There is abundant evidence from in vitro observations that TLR2 is the predominant receptor signaling the presence of cell wall components of Gram-positive bacteria, such as peptidoglycan and LTA (15, 16, 49, 50). In accordance, we found that TLR2 is important for cellular responsiveness toward E. faecium in vitro. Indeed, transfection of TLR2 into HEK cells rendered these cell responsive to E. faecium, whereas TLR2 deficiency was associated with a loss of responsiveness of macrophages to this bacterium. In addition, we demonstrated that TLR2 is involved in the early immune response to E. faecium in vivo. TLR2 KO mice displayed higher peritoneal bacterial loads 2 h after infection and a reduced number of peritoneal neutrophils during the entire experiment. Notably, TLR2 KO mice differed in some aspects from MyD88 KO in this model. First, bacterial loads clearly differed more between MyD88 KO and WT mice than between TLR2 KO and WT mice. Furthermore, in contrast to MyD88 KO mice, TLR2 KO mice showed reduced levels of KC, MCP-1, IL-6, and IL-10 in plasma or peritoneal fluid. It is difficult to envision why a complete absence of MyD88 signaling (disturbing signaling of all TLRs except TLR3, as well as of IL-1 and IL-18) does not influence the production of these mediators whereas isolated TLR2-dependent MyD88 signaling does, even when considering the small difference in the bacterial doses (5 × 107 CFU and 8 × 107 CFU in the experiments with MyD88 KO and TLR2 KO mice, respectively). Clearly, more research is warranted to address this intriguing finding. Our current data exclude a role for TLR4 dependent MyD88 signaling in host defense against E. faecium; the roles of other TLRs and IL-1/IL-18 remain to be determined. With regard to the results obtained in TLR2 KO mice, Kau et al. (51) studied the role of TLR2 during an urinary tract infection with E. faecalis in mice. Twenty-four hours after the induction of the infection, these authors did not see any difference in enterococcal load in kidneys from TLR2 KO compared with WT mice, neither did they find any differences on histological examination. The inflammatory response was not discussed in this study. Differences in the bacterial strain and/or the route and localization of infection may account for the fact that we did detect a role for TLR2 in the response to infection with enterococci in vivo.

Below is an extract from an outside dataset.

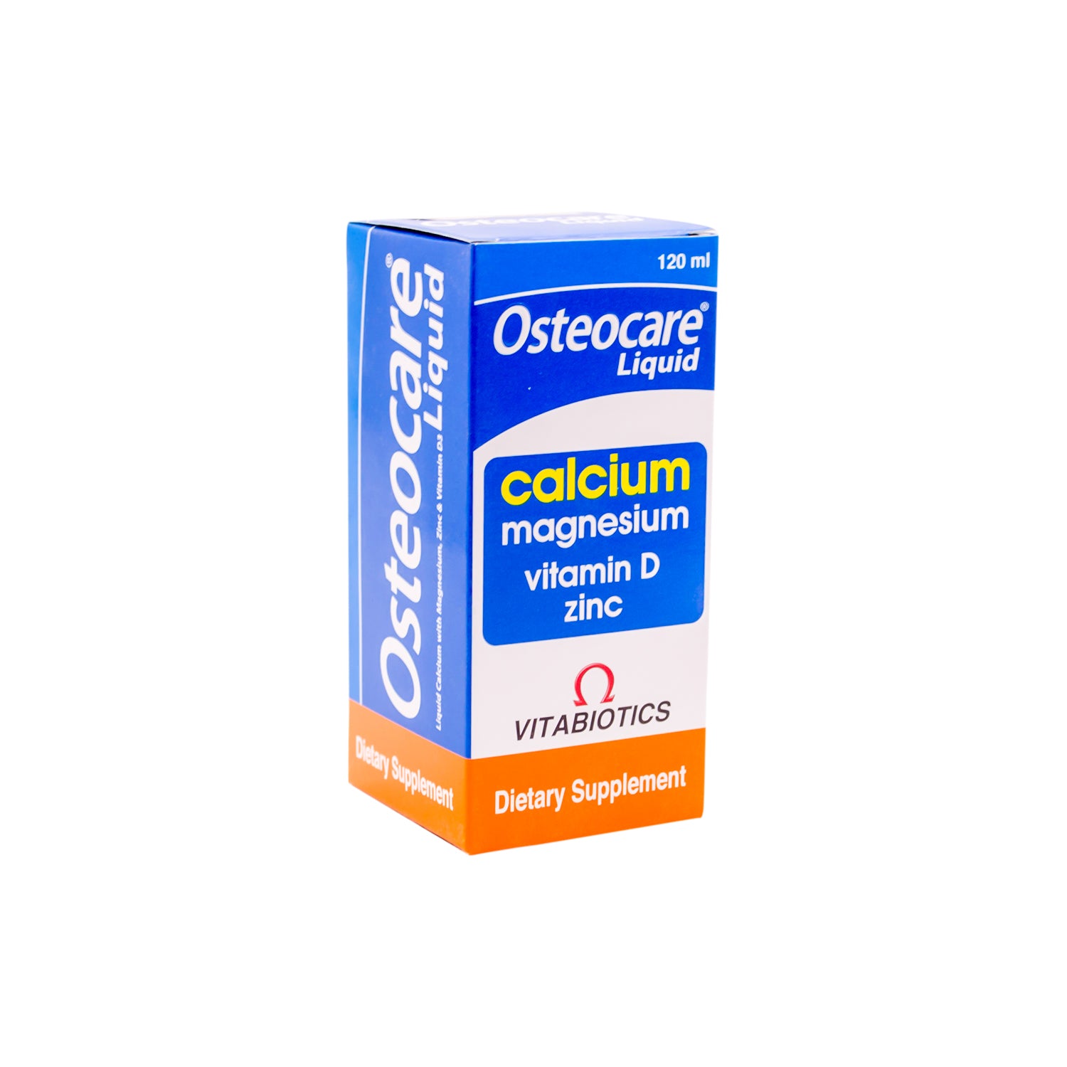 Osteocare Original is a liquid dietary supplement designed to support bone health, featuring 300mg of calcium along with magnesium, vitamin D3, and zinc, in a convenient orange flavor.

The pattern recognition receptor CD14 is well-known to facilitate LPS signaling through TLR4 and LTA signaling through TLR2 (23, 30). CD14 has been shown to be coexpressed and to form a complex with transmembrane TLR2 (29). We identified an important role for CD14 in the activation of TLR2 by E. faecium in vitro: HEK cells transfected with both CD14 and TLR2 were much more responsive to E. faecium than HEK cells transfected with TLR2 alone, whereas both CD14 KO and TLR2 KO macrophages were markedly less responsive to E. faecium than WT macrophages. Nonetheless, in our in vivo studies, CD14 did not play a detectable role in E. faecium infection: we did not find any difference in enterococcal clearance, neutrophil recruitment, or cytokine/chemokine responses between CD14 KO and WT mice. The apparent discrepancy between our in vitro and in vivo results on the role of CD14 suggest that other components of the immune system not present in our in vitro systems may compensate for the absence of CD14. CD14 is considered to contribute to an antibacterial response during Gram-negative infection by virtue of its capacity to present LPS to the TLR4/MD2-signaling complex (13, 14). In Gram-positive infections, the role of CD14 may be more variable. Haziot et al. (52) saw no difference in survival and/or bacterial clearance after i.v. or i.p. injection of S. aureus, whereas our laboratory recently revealed that CD14 facilitates invasive infection during pneumonia caused by Streptococcus pneumoniae (53).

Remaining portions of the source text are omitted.